Traden neben dem Beruf - geht das überhaupt?

Zeitliche Freiheit, Ortsunabhängigkeit, beliebige Skalierbarkeit – all das klingt doch nach dem perfekten (Neben-)Beruf. Doch erfolgreiches Trading erfordert natürlich auch das fachliche Wissen, genügend Zeit für die Marktanalyse und Rechereche.

Bleibt die Frage: Nebenberuflich traden – geht das überhaupt?

Achtung Spoiler! Ich liefere direkt die Antwort =)

Ja das geht!

Allerdings muss man verschiedene Dinge beachten und sich selbstverständlich an einen konkreten Plan halten.

1. Die Art des Tradingstils und die Zeiteinheiten

Nebenberuflich handeln bedeutet, dass man sein Tradingstil entsprechend anpassen muss und möglichst “entspannt” handeln sollte. Dies bedeutet, dass man in hohe Timeframes wie den Tageschart oder den 4-Stunden Chart wechseln sollte.

Als Berufstätiger bietet sich vor allem Swing Trading an. Swing Trading ist ein Handelsstil, bei dem die Trades mehrere Tage bis Wochen gehalten werden und die Setups eher langfristiger Art sind.

Gerade Beginner machen hier den Fehler in die kleinen Timeframes zu wechseln- doch gerade das kostet Zeit und ist nicht für das nebenberufliche Trading zu empfehlen. Je kleiner die Zeiteinheit, desto “hektischer” wird das Trading und desto weniger Zeit für eine Entscheidung hat man als Trader.

 

Und gerade dieser Faktor (Zeit) wird häufig unterschätzt. Profitable Trades sind eine Kombination aus guter Analyse, gepaart mit entsprechenden Research und passendem Einstieg. All das erfordert etwas Zeit und entsprechend auch die Zeit für die Entscheidungsfindung, ob der Trade dem eigenen Regelwerk entspricht.

 

Daher mein Tipp: Starte als Berufstätiger eher in den großen Timeframes – dafür mit entsprechend kleinerer Positionsgröße (da der SL entsprechend weiter weg sein wird).

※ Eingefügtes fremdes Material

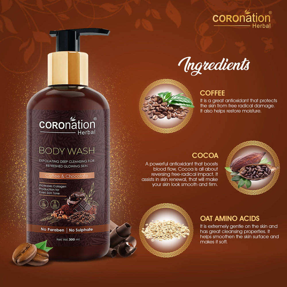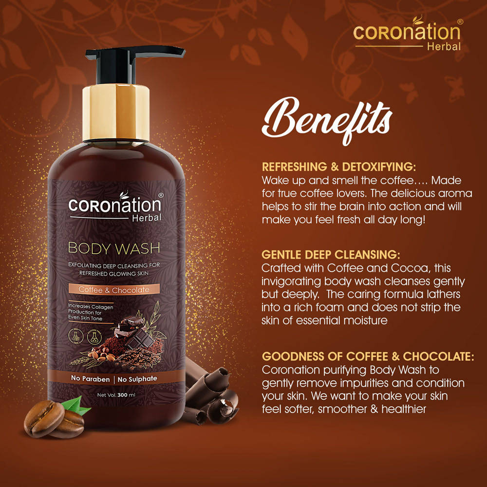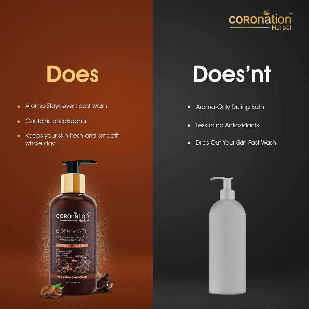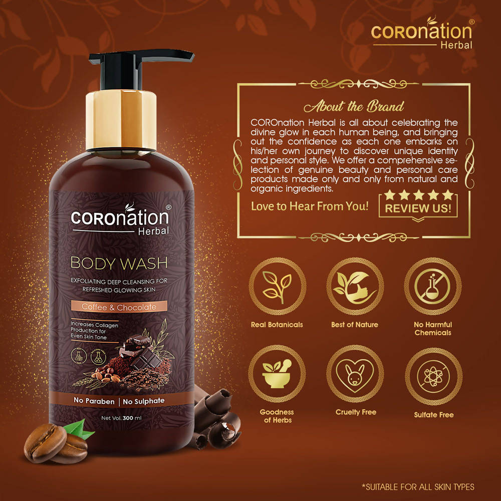 COROnation Herbal Coffee and Chocolate Body Wash effectively purifies by eliminating excess oil and impurities, erasing facial dullness. Natural caffeine diminishes puffiness, combats free radicals, and balances skin tone. The invigorating scent of Cocoa provides a soothing experience for both body and mind. This shower gel not only cleanses and softens your skin but also elevates your mood. The included moisturizer ensures skin is left soft and smooth.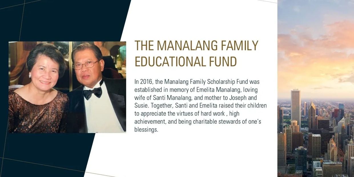 Through the collaborative work led by PP Noel Aquino, the Manalang Family Educational Fund started its annual scholarship grant to deserving engineering students in Washington State. In 2016, the Manalang Family Scholarship Fund was established in memory of Emelita Manalang, loving wife of Engr. Santi Manalang, and mother to Joseph and Susie. Together, Santi and Emelita raised their children to appreciate the virtues of hard work, high achievement, and being charitable stewards of one’s blessings. In that spirit, the Manalang Family has committed to providing meaningful support to the most deserving engineering students of AFEW.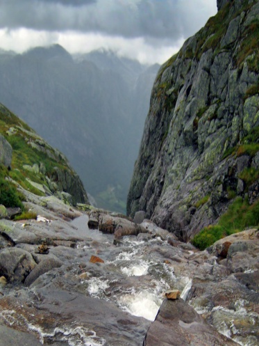 Но, при этом, выбрались, наконец, на плато. А плато Кьераг это голый камень, снег, сбегающие ледяные ручейки (это в середине августа-то!) и никаких укрытий в обозримом пространстве.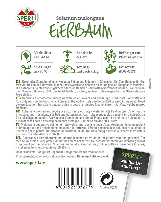 Du hast noch einen Platz im Wintergarten, auf der Fensterbank oder auf dem Balkon bzw. der Terrasse frei? Der Eierbaum von SPERLI kann diese Lücke auf besonders imposante Art und Weise füllen! Die dekorative Zieraubergine bringt nicht nur schöne violette Blüten hervor, sondern auch Früchte in der Größe eines Gänseeis. Sie sind essbar und können gekocht oder zum Basteln und Bemalen verwendet werden. Der Eierbaum ist eine einjährige Pflanze, die einen warmen, geschützten Standort braucht. Er wird ca. 60 bis 80 cm hoch und kann von August bis Oktober beerntet werden.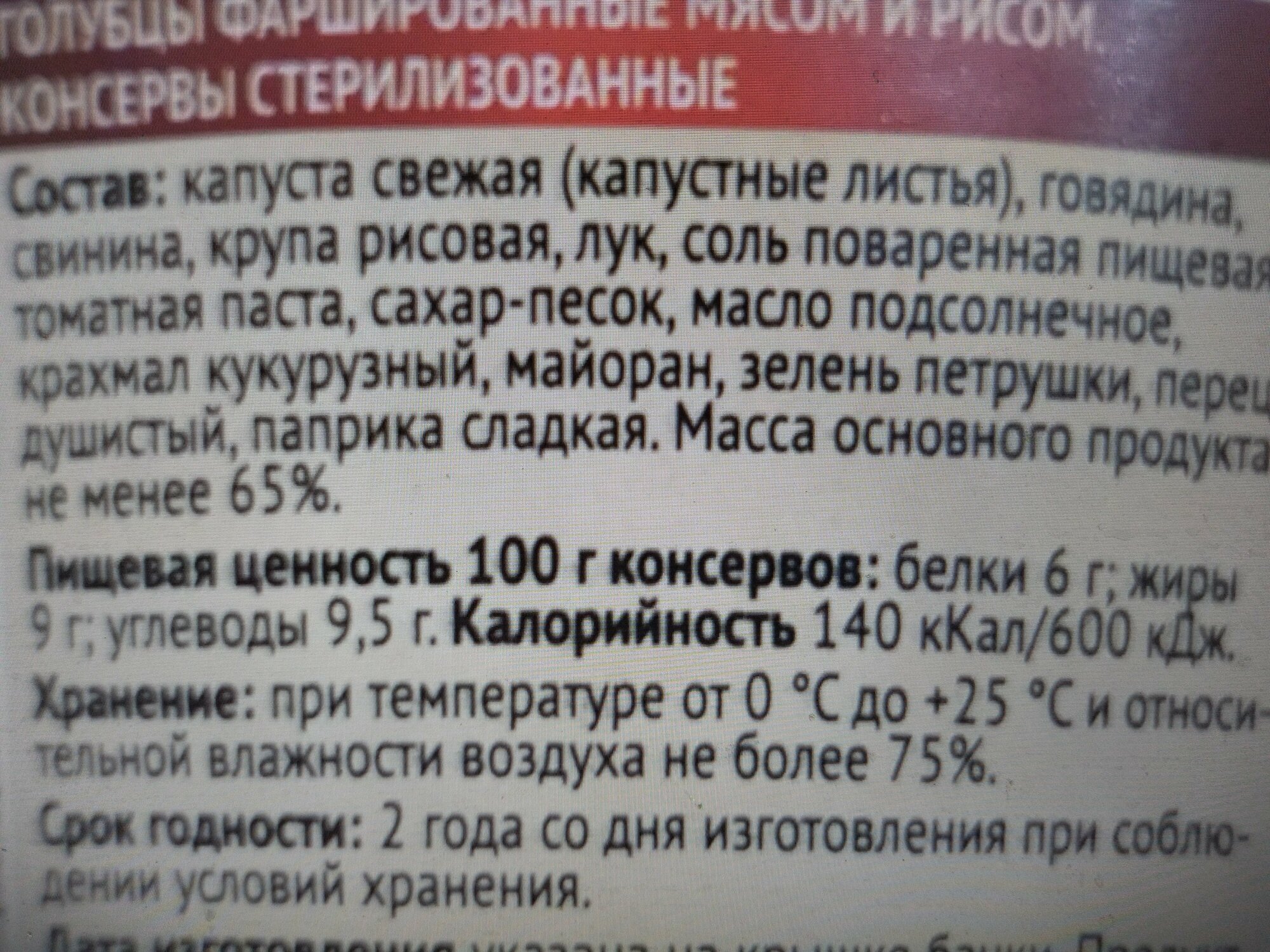 | Состав | Капуста свежая (капустные листья), говядина, свинина, крупа рисовая, лук, соль поваренная пищевая, томатная паста, сахар-песок, масло подсолнечное, крахмал кукурузный, майоран, зелень петрушки, перец душистый, паприка сладкая. |

2. The Trend is your Friend

Versuche immer dem Trend zu folgen – klingt einfach oder? Doch die Frage ist dennoch, warum etwa 85% aller privaten Händler Geld verlieren. Meiner Meinung nach liegt das an mehreren Faktoren (darauf gehe ich sicherlich einmal in einem separaten Artikel ein). Wenn man aber beständig klaren Trends folgt, die Stopps passend legt und sich beim Moneymanagement beständig an die 1%-_Regel hält, sollte meiner Meinung nach nicht allzu viel schief gehen.

Trading ist und bleibt kein Schnell-Reich-System. Wenn du es aber schaffst , Jahr für Jahr den Markt zu schlagen, dann wird über Jahre von einem Anfangs kleinen oder mittleren Konto, bald schon ein Handelskonto, bei dem es richtig viel Spaß macht (wenn du verstehst was ich meine =) )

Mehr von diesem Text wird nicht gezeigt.